Zitate aus dem Fazit:
“Ohne Weiteres produzieren neuronale Netze keine für Menschen verständlichen Erklärungen.“
“Erklärbarkeit muss (und kann) man extra hinzuführen.“
“Bias muss (und kann) man explizit beseitigen.“
Lothar Schröder, Mitglied des Bundesvorstands der Gewerkschaft Verdi
Erste gewerkschaftliche Antworten zum Thema KI aus ethischen Ansprüchen und Erfahrungen in der Arbeitswelt , ab 1:00:20
Er vermisst eine gesellschaftliche Debatte über Ziele und Zwecke, es fehle eine Vision, “was wir eigentlich mit KI wollen“. Diese müsse z.B. auch den Beschäftigungsaspekt und die Dimension “Gute Arbeit“ beinhalten.
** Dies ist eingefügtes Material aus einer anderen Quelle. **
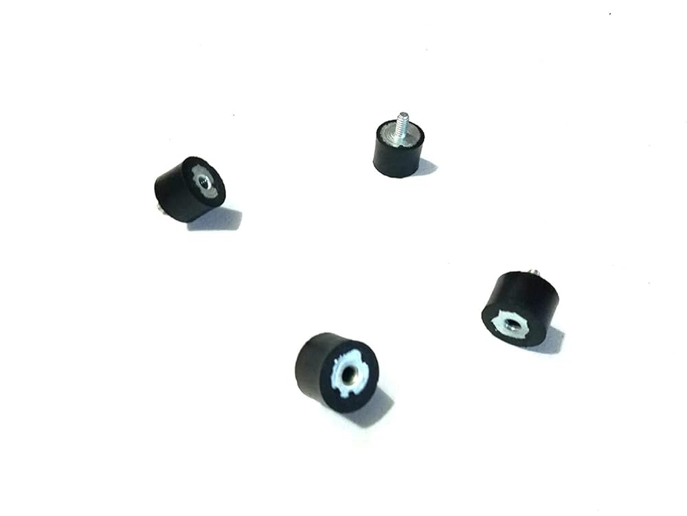 4 Rubber Vibration Isolator Mounts (1" Dia x 3/4 Ht) 1/4"-20 x 1/2" Length Stud These mounts measure 3/4" in thickness (rubber height) and 1" in diameter (rubber diameter) Stud is 1/2" Long with 1/4"-20 Male and Female thread. Package Includes: 4 Isolation rubber mounts Provides excellent noise and vibration reduction. Can be used on/in: Water pumps Construction Automobile Electronic components Medical equipment Home appliance Mechanical equipment Office facilities Aviation Air compressors Diesel engines Gasoline engines Industrial Machines and may more applications

Den Gewerkschaften sei wegen der Ambivalenz von KI wichtig, einen “Optionenraum zu gestalten“ Statt pauschaler Ablehnung oder Zustimmung seien differenzierte Beurteilungen nötig.
Herkömmliche Mitbestimmungsrechte verlören bei einigen KI-Entwicklungen an Wirksamkeit, das Betriebsverfassungsgesetz müsse ergänzt werden.
Abschließend skizziert er ein “Soziales Pflichtenheft KI“.